Но для живущих дело не в том, чего достигают граждане клоповников, а в том, что бывают исторические минуты, когда их клеветы производят известный переполох в обществе. Мир, конечно, не погибнет от этих клевет, и история не перестанет созидать утешения; но отдельные индивидуумы могут погибнуть. Вот это-то именно и составляет ахиллесову пяту среднего человека. Видя, с какою безнаказанностью действует клевета, он начинает бояться, и в уме у него постепенно созревает деморализирующее «учение о шкуре». Но, раз деморализирован средний человек, деморализация уже делается достоянием всего общества. Все поголовно начинают усчитывать себя и припоминать; у всех опускаются руки, у всех начинают биться сердца беспредметной тревогой. Работа мысли перестает быть плодотворною и сосредоточивается исключительно на одном: на спасении «шкуры».

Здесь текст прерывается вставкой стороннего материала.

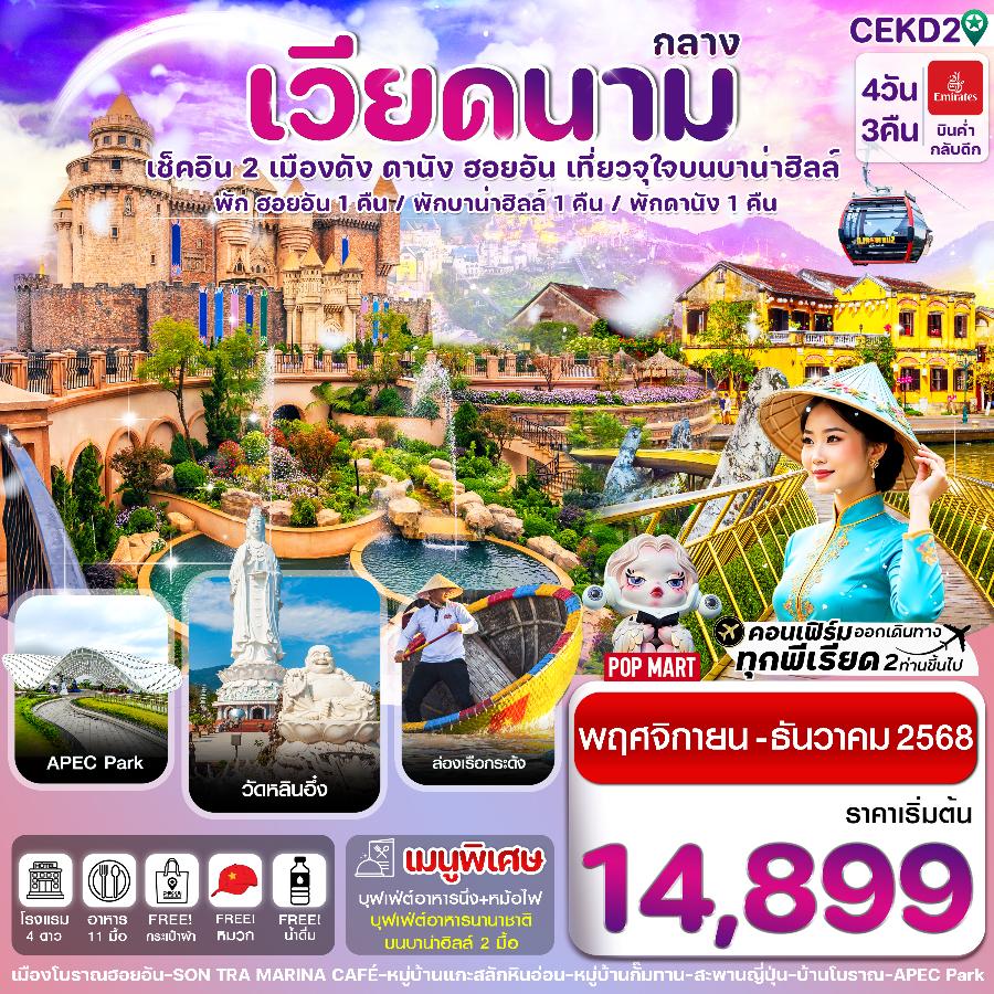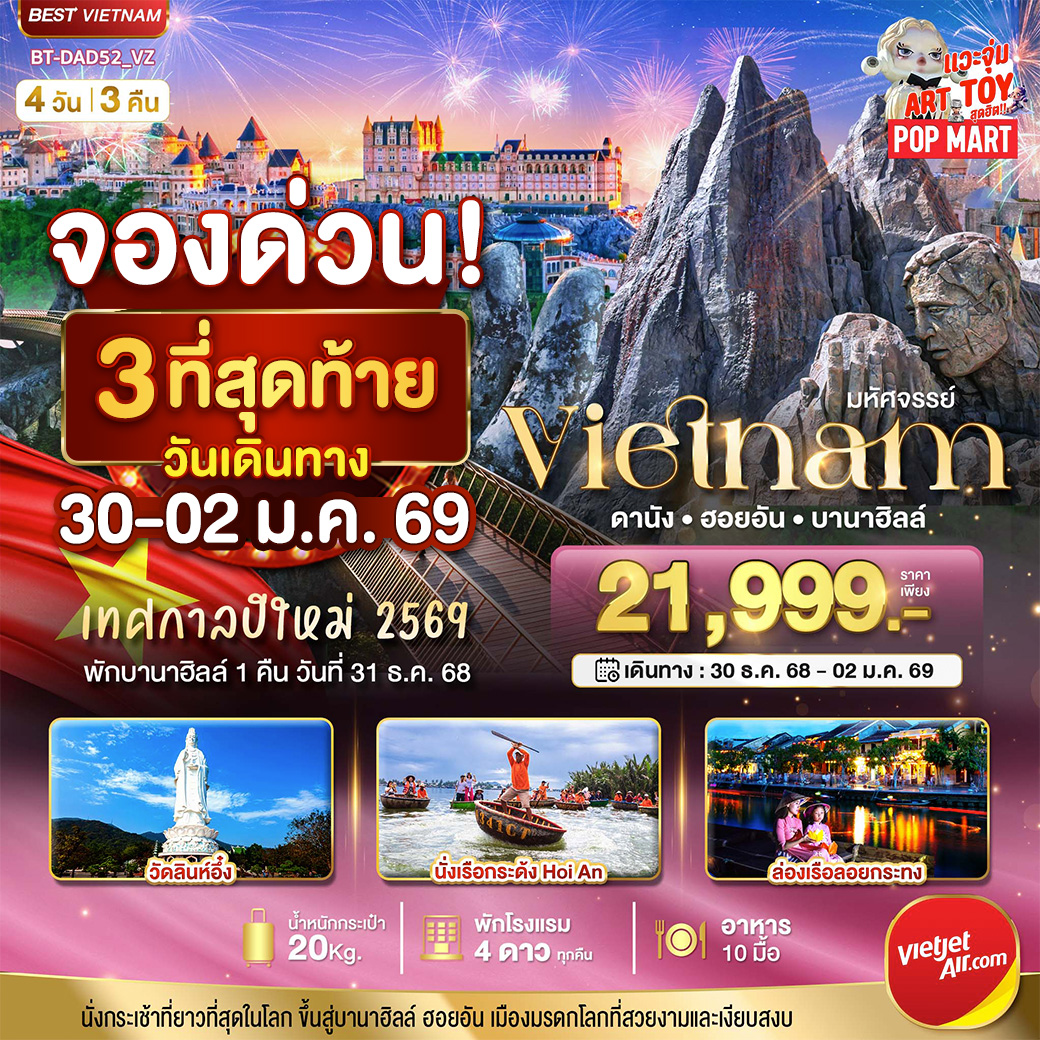 | DADVN03251214 | 14 ธ.ค. - 17 ธ.ค. | อา. - พ. | 11 | 9,888 8,888 | จอง |

По совести говорю: общество, в котором «учение о шкуре» утвердилось на прочных основаниях, общество, которого творческие силы всецело подавлены одним словом: случайность — такое общество, какие бы внешние усилия оно ни делало, не может прийти ни к безопасности, ни к спокойствию, ни даже к простому благочинию. Ни к чему, кроме бессрочного вращания, в порочном кругу тревог, и в конце концов… самоумерщвления.

. . . . .

Было уже около шести часов утра, когда я вышел из состояния полудремоты, в которой на короткое время забылся; в окна проникал белесоватый свет, и облака густыми массами неслись в вышине, суля впереди целую перспективу ненастных дней. Мой vis-à-vis тоже проснулся, и я не без смущения заметил, что глаза его были пристально устремлены на меня. Это был человек средних лет, скорее молодой, нежели старый, подвижной и худощавый, не безобразный, но с сильным выражением приказной каверзности в лице, так что я тотчас же мысленно надел ему на голову фуражку с кокардой и форменное пальто. Такое выражение лица нередко встречается у земцев (он и действительно оказался таковым), которые когда-то служили в столоначальниках и ошиблись в надеждах на дальнейшую бюрократическую карьеру. Люди эти слывут в земстве дельцами, сочиняют формочки с бесчисленным множеством граф, называют себя консерваторами, хвастаются связью с землею, утверждают, что «русский мужичок не выдаст», и приходят в умиление от «Московских ведомостей». Нельзя сказать, чтоб они были положительно противны, но известная ограниченность мешает им различать добро от зла. Потому они всегда смотрят в одну точку, говорят одним и тем же тоном одни и те же слова, мыслят азбучно, но с сознанием благонадежности своих мыслей и бесконечно надоедают всем авторитетностью и изобилием пустяков. По-видимому, этот человек узнал меня.

— В Париже побывали? — спросил он меня с напускною развязностью земского человека, который, памятуя, что он в некотором роде исполняет должность пятого колеса в колеснице государственного механизма, не хочет, чтоб его заподозрили, что он чем-нибудь стесняется.

— В Париже, — отвечал я.

— Поездили? погуляли?

— Так же, как и вы.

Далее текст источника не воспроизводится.